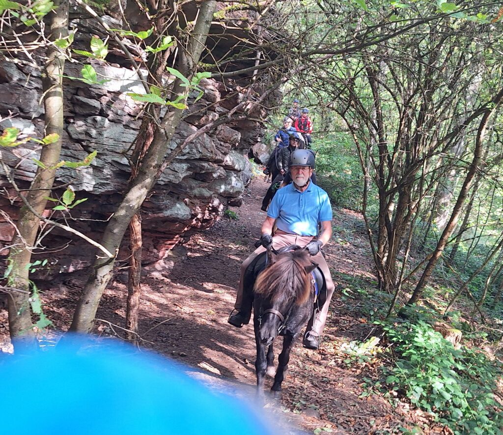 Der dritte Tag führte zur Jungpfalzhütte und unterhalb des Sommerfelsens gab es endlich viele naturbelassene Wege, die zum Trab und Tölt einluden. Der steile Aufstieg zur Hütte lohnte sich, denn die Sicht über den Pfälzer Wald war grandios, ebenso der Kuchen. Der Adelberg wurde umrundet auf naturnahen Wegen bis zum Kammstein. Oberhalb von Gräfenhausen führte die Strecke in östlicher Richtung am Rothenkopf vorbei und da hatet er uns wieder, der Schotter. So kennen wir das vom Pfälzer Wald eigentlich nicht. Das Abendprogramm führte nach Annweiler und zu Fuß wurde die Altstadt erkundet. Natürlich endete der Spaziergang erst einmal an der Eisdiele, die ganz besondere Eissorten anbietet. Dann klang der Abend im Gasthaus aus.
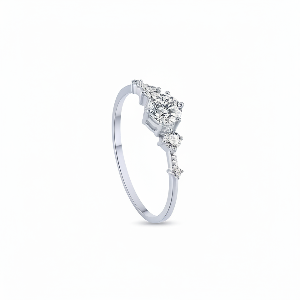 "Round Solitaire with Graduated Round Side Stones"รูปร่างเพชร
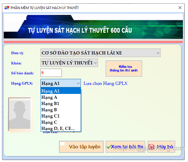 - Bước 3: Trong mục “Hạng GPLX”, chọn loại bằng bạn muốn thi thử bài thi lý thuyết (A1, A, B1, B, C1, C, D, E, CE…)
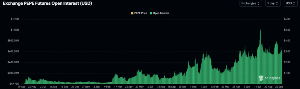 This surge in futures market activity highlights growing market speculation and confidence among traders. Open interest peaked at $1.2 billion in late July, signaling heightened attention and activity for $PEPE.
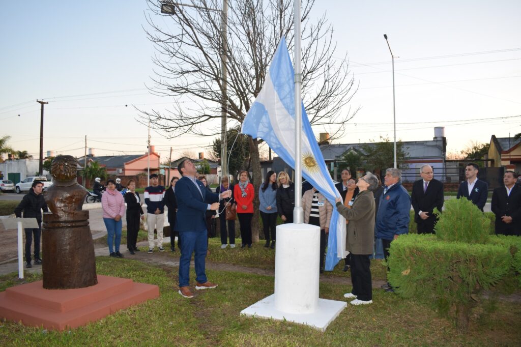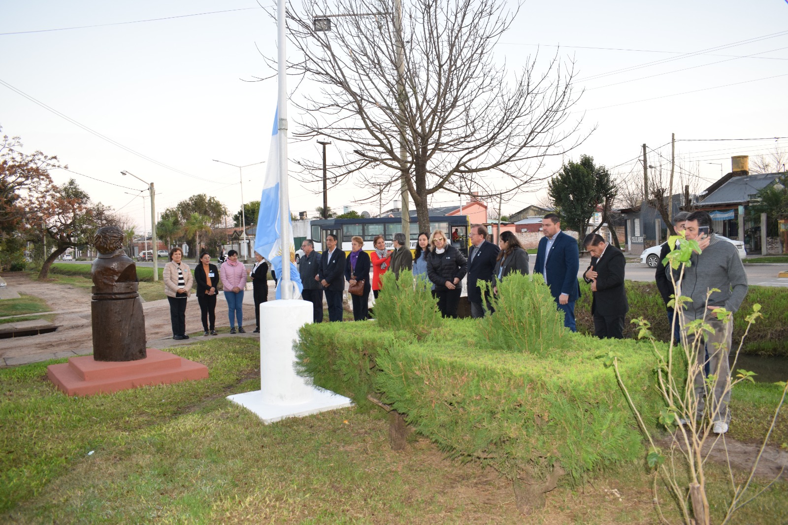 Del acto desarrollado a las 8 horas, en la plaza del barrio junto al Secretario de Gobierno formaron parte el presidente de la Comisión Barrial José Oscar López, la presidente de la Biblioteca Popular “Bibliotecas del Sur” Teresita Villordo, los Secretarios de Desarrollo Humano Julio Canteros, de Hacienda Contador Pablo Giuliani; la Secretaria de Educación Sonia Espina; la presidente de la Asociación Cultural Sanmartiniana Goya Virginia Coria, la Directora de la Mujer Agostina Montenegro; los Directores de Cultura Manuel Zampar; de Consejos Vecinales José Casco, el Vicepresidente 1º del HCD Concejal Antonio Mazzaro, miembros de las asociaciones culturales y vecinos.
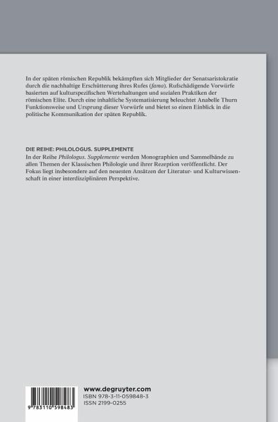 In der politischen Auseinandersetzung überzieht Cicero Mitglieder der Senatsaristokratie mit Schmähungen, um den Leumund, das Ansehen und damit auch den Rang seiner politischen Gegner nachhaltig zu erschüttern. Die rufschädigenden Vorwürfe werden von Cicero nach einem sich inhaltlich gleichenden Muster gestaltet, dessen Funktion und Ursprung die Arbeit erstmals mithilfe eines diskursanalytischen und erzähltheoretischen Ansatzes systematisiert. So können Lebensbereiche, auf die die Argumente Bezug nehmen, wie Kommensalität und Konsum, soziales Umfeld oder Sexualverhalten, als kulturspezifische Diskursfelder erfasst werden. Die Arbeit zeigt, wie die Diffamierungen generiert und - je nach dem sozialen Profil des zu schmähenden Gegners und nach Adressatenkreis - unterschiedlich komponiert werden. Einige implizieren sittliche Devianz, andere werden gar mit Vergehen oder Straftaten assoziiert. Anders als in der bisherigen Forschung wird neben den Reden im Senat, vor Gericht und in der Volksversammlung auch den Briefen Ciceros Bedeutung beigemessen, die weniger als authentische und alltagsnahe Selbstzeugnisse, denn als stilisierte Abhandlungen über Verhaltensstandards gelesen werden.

* * *

#### WORK TO COMPLETE
Every line of the data above is to be set down exactly; the pictures are not.

#### OUTPUT OF THE EXERCISE
 Der dritte Tag führte zur Jungpfalzhütte und unterhalb des Sommerfelsens gab es endlich viele naturbelassene Wege, die zum Trab und Tölt einluden. Der steile Aufstieg zur Hütte lohnte sich, denn die Sicht über den Pfälzer Wald war grandios, ebenso der Kuchen. Der Adelberg wurde umrundet auf naturnahen Wegen bis zum Kammstein. Oberhalb von Gräfenhausen führte die Strecke in östlicher Richtung am Rothenkopf vorbei und da hatet er uns wieder, der Schotter. So kennen wir das vom Pfälzer Wald eigentlich nicht. Das Abendprogramm führte nach Annweiler und zu Fuß wurde die Altstadt erkundet. Natürlich endete der Spaziergang erst einmal an der Eisdiele, die ganz besondere Eissorten anbietet. Dann klang der Abend im Gasthaus aus.
 "Round Solitaire with Graduated Round Side Stones"รูปร่างเพชร
 - Bước 3: Trong mục “Hạng GPLX”, chọn loại bằng bạn muốn thi thử bài thi lý thuyết (A1, A, B1, B, C1, C, D, E, CE…)
 This surge in futures market activity highlights growing market speculation and confidence among traders. Open interest peaked at $1.2 billion in late July, signaling heightened attention and activity for $PEPE.
 Del acto desarrollado a las 8 horas, en la plaza del barrio junto al Secretario de Gobierno formaron parte el presidente de la Comisión Barrial José Oscar López, la presidente de la Biblioteca Popular “Bibliotecas del Sur” Teresita Villordo, los Secretarios de Desarrollo Humano Julio Canteros, de Hacienda Contador Pablo Giuliani; la Secretaria de Educación Sonia Espina; la presidente de la Asociación Cultural Sanmartiniana Goya Virginia Coria, la Directora de la Mujer Agostina Montenegro; los Directores de Cultura Manuel Zampar; de Consejos Vecinales José Casco, el Vicepresidente 1º del HCD Concejal Antonio Mazzaro, miembros de las asociaciones culturales y vecinos.
 In der politischen Auseinandersetzung überzieht Cicero Mitglieder der Senatsaristokratie mit Schmähungen, um den Leumund, das Ansehen und damit auch den Rang seiner politischen Gegner nachhaltig zu erschüttern. Die rufschädigenden Vorwürfe werden von Cicero nach einem sich inhaltlich gleichenden Muster gestaltet, dessen Funktion und Ursprung die Arbeit erstmals mithilfe eines diskursanalytischen und erzähltheoretischen Ansatzes systematisiert. So können Lebensbereiche, auf die die Argumente Bezug nehmen, wie Kommensalität und Konsum, soziales Umfeld oder Sexualverhalten, als kulturspezifische Diskursfelder erfasst werden. Die Arbeit zeigt, wie die Diffamierungen generiert und - je nach dem sozialen Profil des zu schmähenden Gegners und nach Adressatenkreis - unterschiedlich komponiert werden. Einige implizieren sittliche Devianz, andere werden gar mit Vergehen oder Straftaten assoziiert. Anders als in der bisherigen Forschung wird neben den Reden im Senat, vor Gericht und in der Volksversammlung auch den Briefen Ciceros Bedeutung beigemessen, die weniger als authentische und alltagsnahe Selbstzeugnisse, denn als stilisierte Abhandlungen über Verhaltensstandards gelesen werden.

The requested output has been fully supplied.